TimeCAP: A Channel-Aware Pre-Training Framework for Multivariate Time Series Forecasting
Abstract
Abstract Amid recent advances for multivariate time series forecasting, self-supervised learning has emerged as a promising paradigm for deriving transferable knowledge from multi-domain data. Despite its effectiveness, existing approaches exhibit two critical limitations: (1) Underestimating the significance of multivariate dependencies in learning generalizable representations and (2) Failing to reconcile the complementary strengths of autoregressive and one-shot generative paradigms. In this work, we propose TimeCAP, a novel channel-aware pre-training framework that internalizes latent causal relationships among variables inherent in multi-domain data, and effectively transfers the acquired knowledge to downstream applications. Technically, we present a flexible channel-grouping learning approach, complemented by an adaptive meta-routing mechanism, enabling TimeCAP to parallel recognize intra-group local patterns while maintaining global coherence.
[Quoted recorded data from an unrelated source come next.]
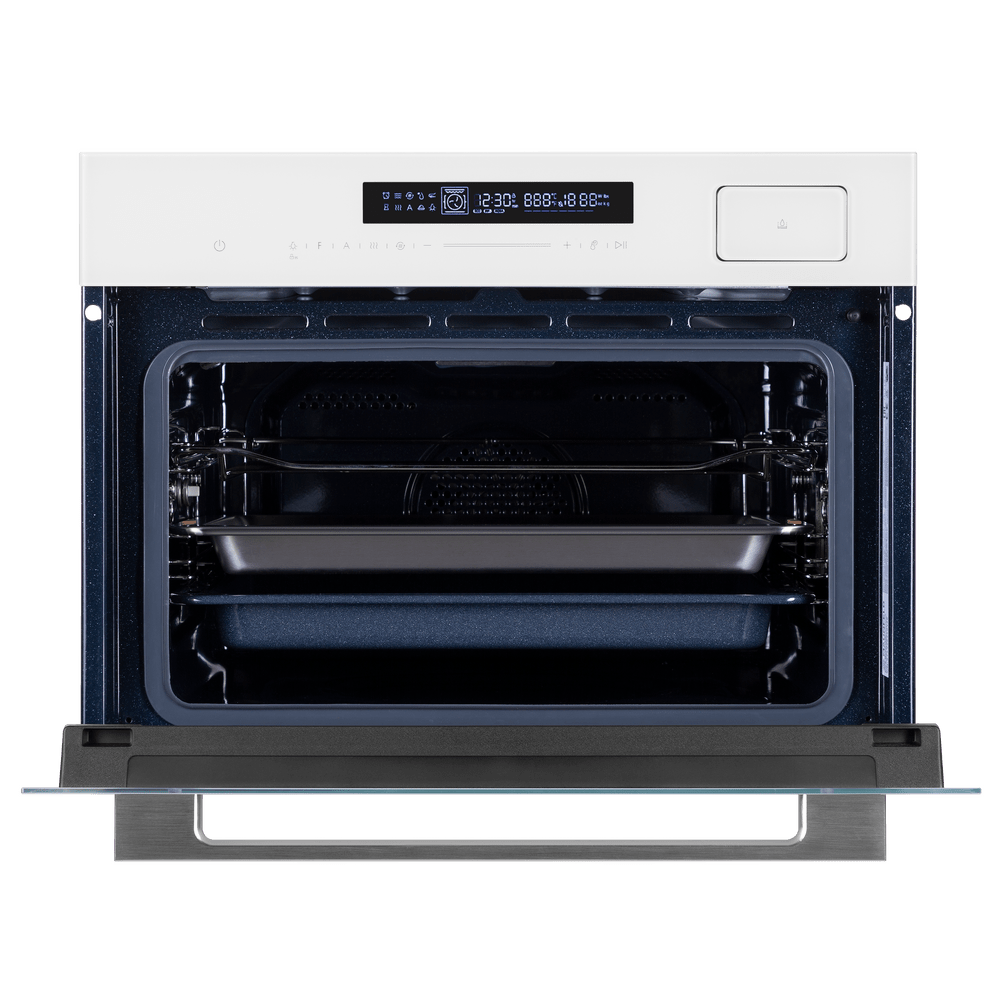 Белый фасад духовки — классический вариант: именно в белом цвете эти приборы производились многие десятилетия. Он стильно выглядит, менее маркий, более удобный в уходе: подойдет как для классических, так и для современных интерьеров. Кроме того, белая духовка будет оптимальным вариантом для небольшой кухни, так как этот цвет зрительно расширяет пространство.
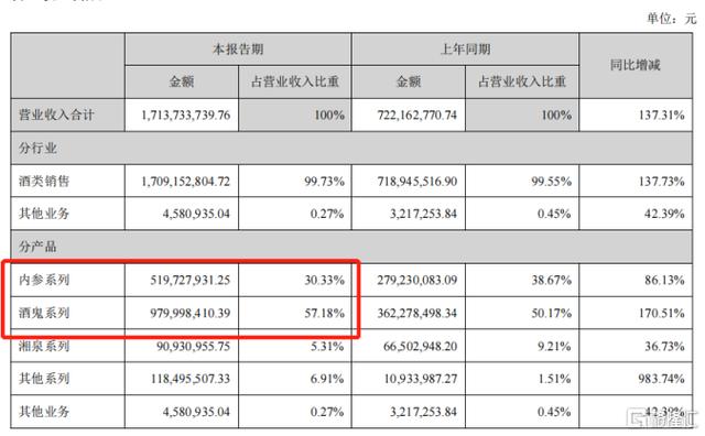 按照数据表现上看,公司主打高端产品线的内参系列、主打次高端产品线的酒鬼系列的业绩表现较为突出。半年报披露的信息显示,两系列的营收分别占到公司营收的30.33%、57.18%。
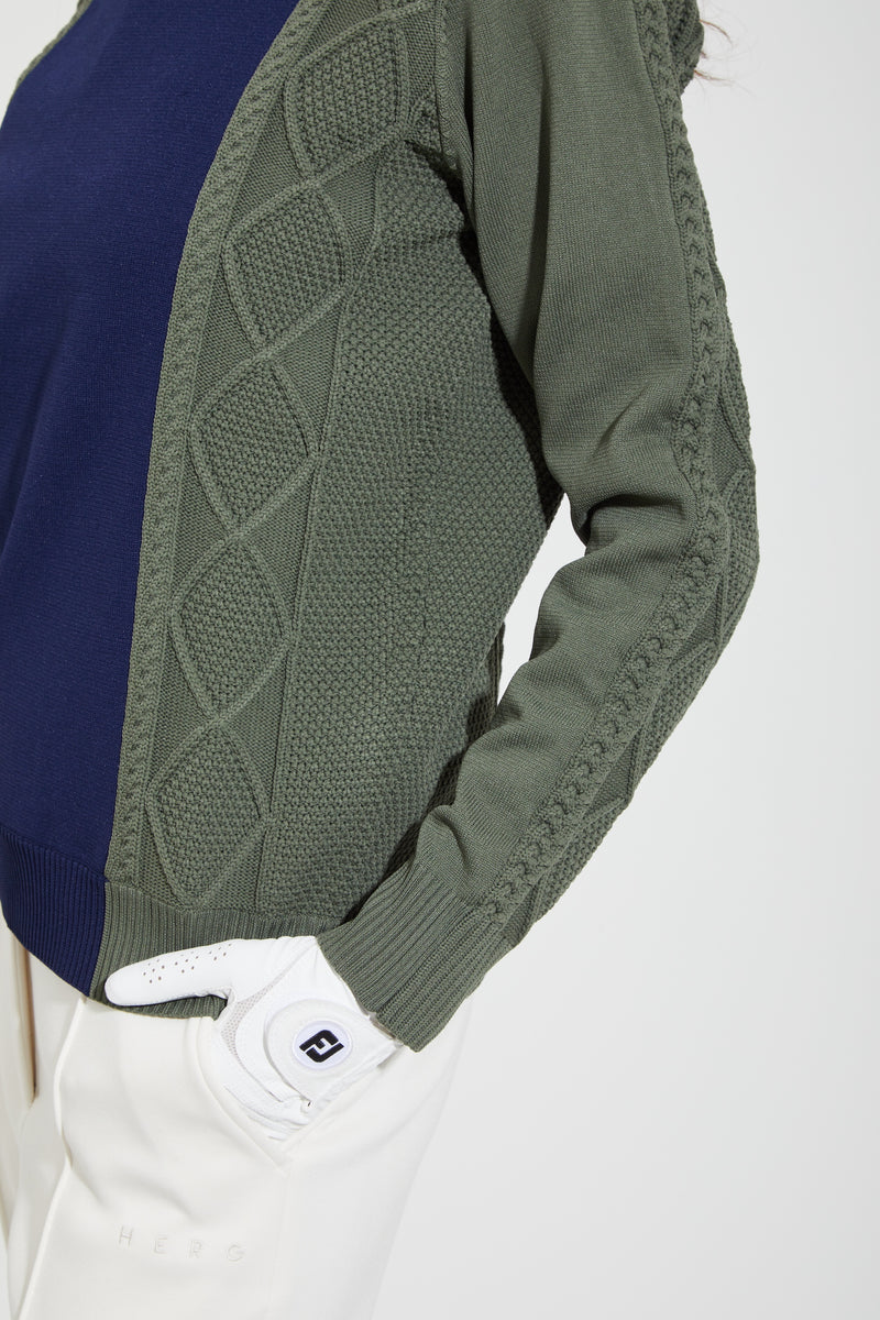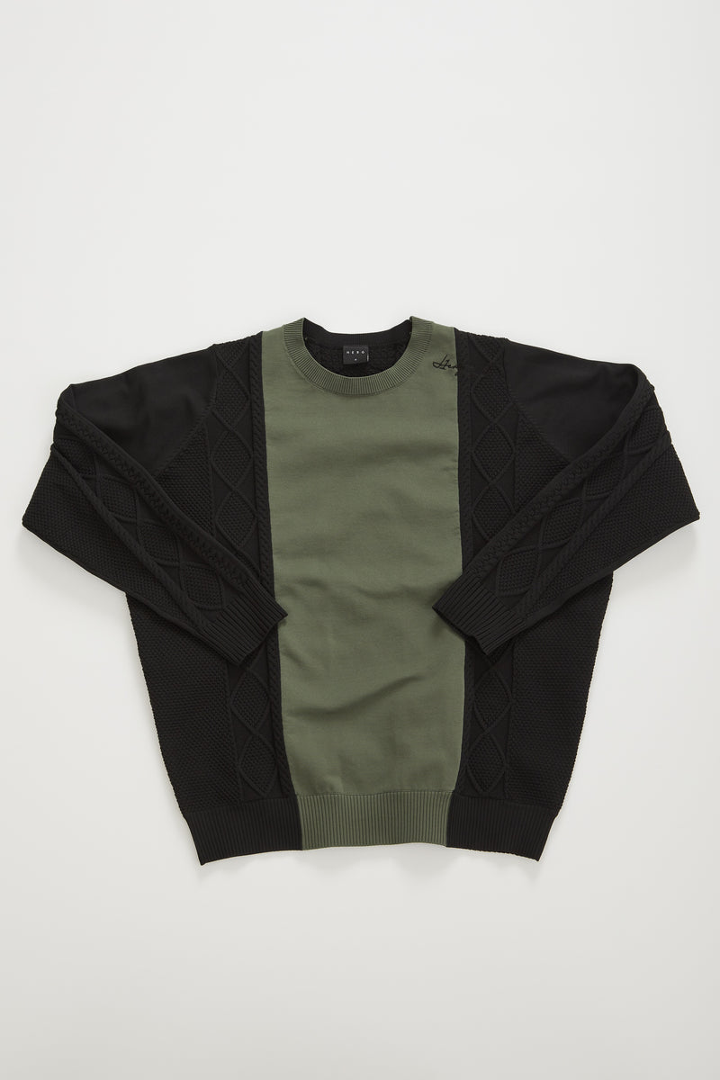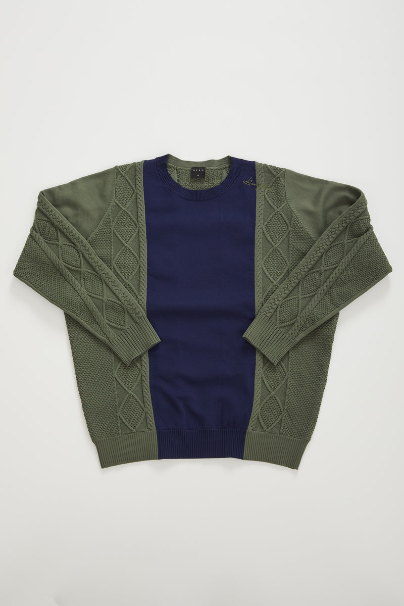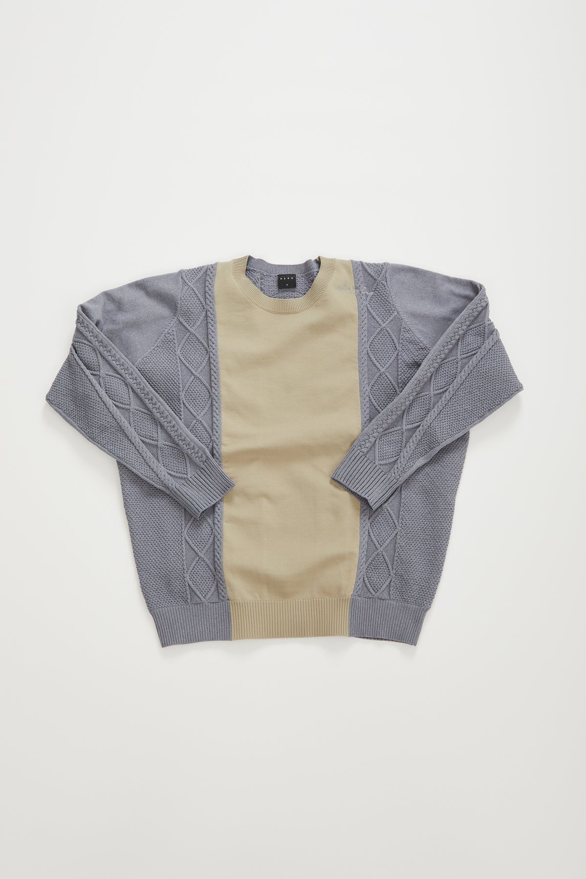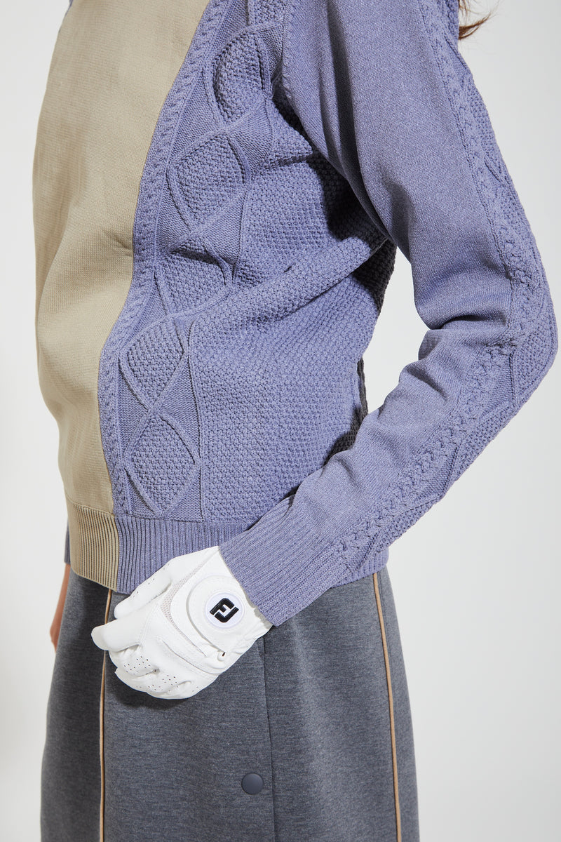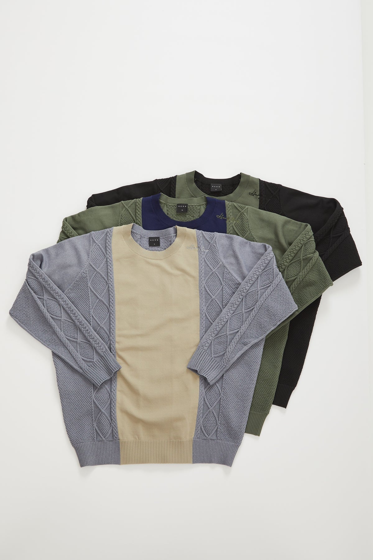 エルグワンの秋冬代表的なケーブルミックスクルーネックニットは、1枚で存在感を発揮するデザインが特徴。薄手で立体感あるケーブル編みながら軽量で、異なる編み組織を組み合わせた特殊ポリエステル糸が使用されています。今年のデザインは、クラシックな要素を加えたアップデート版で、天竺編みとケーブルデザインのバイカラー&ミックスが魅力。さまざまなボトムスに合わせやすく、直感で色を選んで楽しめる一枚です。
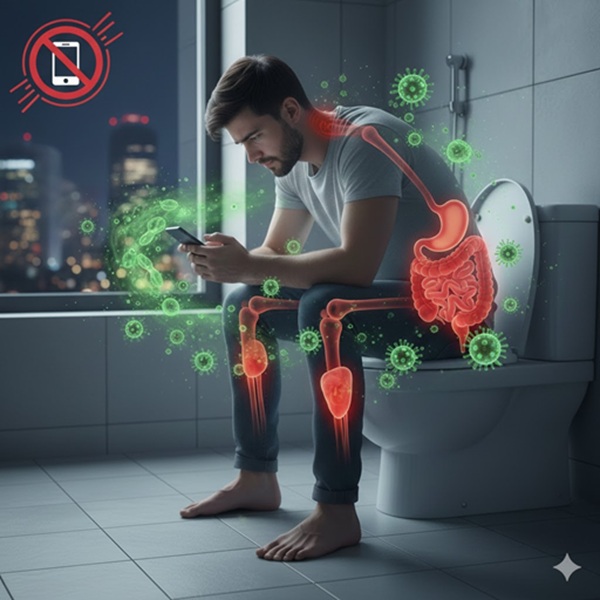 Keywords: Mobile overuse, Toilet health risks, Piles, Digestion problems, Musculoskeletal pain, Cervical pain, Bacterial infection, Mental stress,
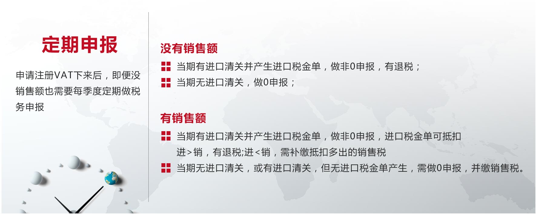 a. 申請(qǐng)注冊(cè)VAT下來(lái)后,即便沒(méi)銷(xiāo)售額,也需要每季度定期做稅務(wù)申報(bào),可選擇由代理代為申報(bào)或自行申報(bào);
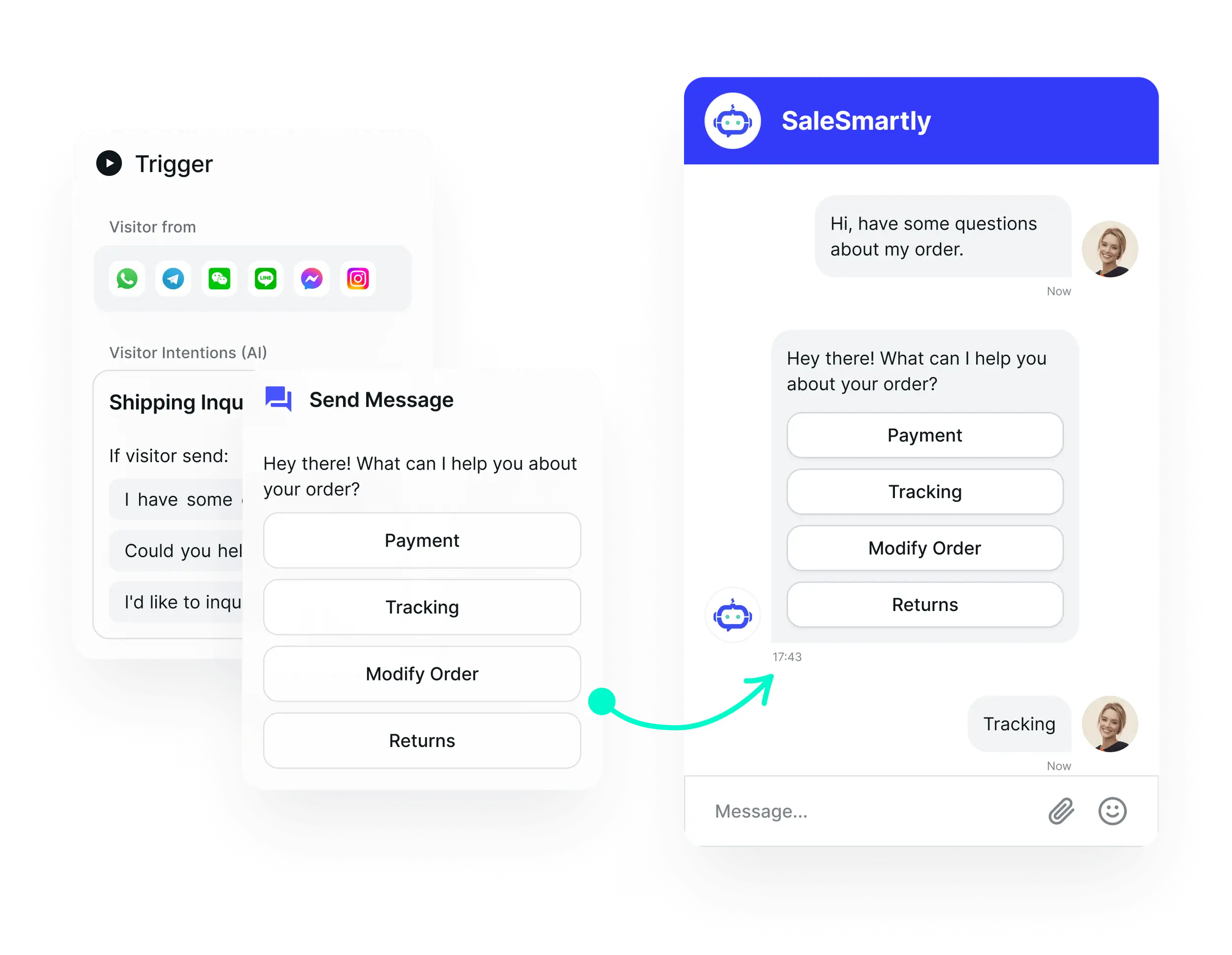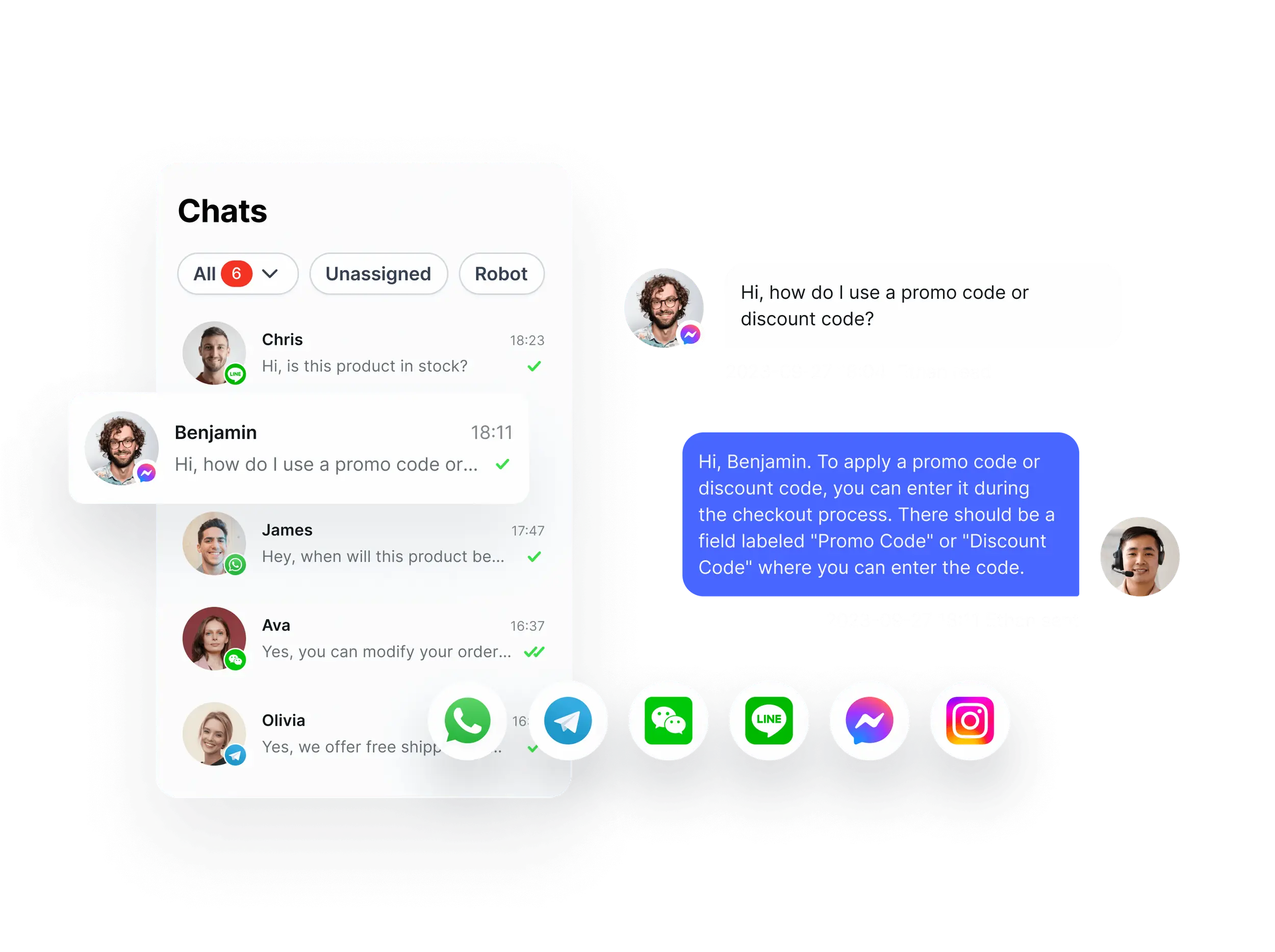 Seamlessly sell, market or service via Livechat, WhatsApp, Facebook Messenger, TikTok, Instagram, Telegram, Line, Email, VKontakte, WeChat, etc. for a unified customer experience
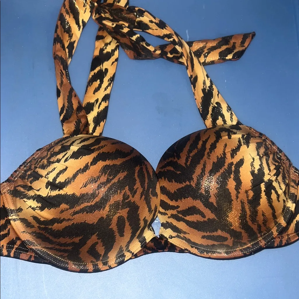 Victoria’s Secret Bombshell Animal Print Tiger Halter Bikini Top adds 2 cups 34B Orange Size undefined - $75 - From Shoptillyoudrop
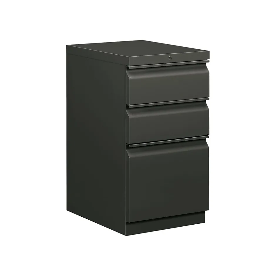 Organize a work space with this office mobile-pedestal cabinet. Three box drawers with ball bearing suspension provide easy-access storage for office supplies, and the file drawer at the bottom allows for organization of documents and hanging file folders. Place this 15-inch HON Brigade cabinet under your desk, move it easily with its swivel back casters, and lock it before leaving your desk.

Intra- and inter-group multivariate dependencies are captured through the self- and cross-attention with channel-aware mask, which strictly confine interactions among time-aligned, fine-grained multivariate tokens. To seamlessly unify two advanced generative paradigms, we propose a novel dynamic dual-head decoding and optimization strategy, empowering TimeCAP to leverage critical dependencies in the output series while avoiding cumulative errors over time. In the few-shot evaluation, TimeCAP achieves average MSE and MAE reductions of 11.8% and 6% over leading baselines, while also outperforming state-of-the-art models in full-shot and zero-shot settings by large margins.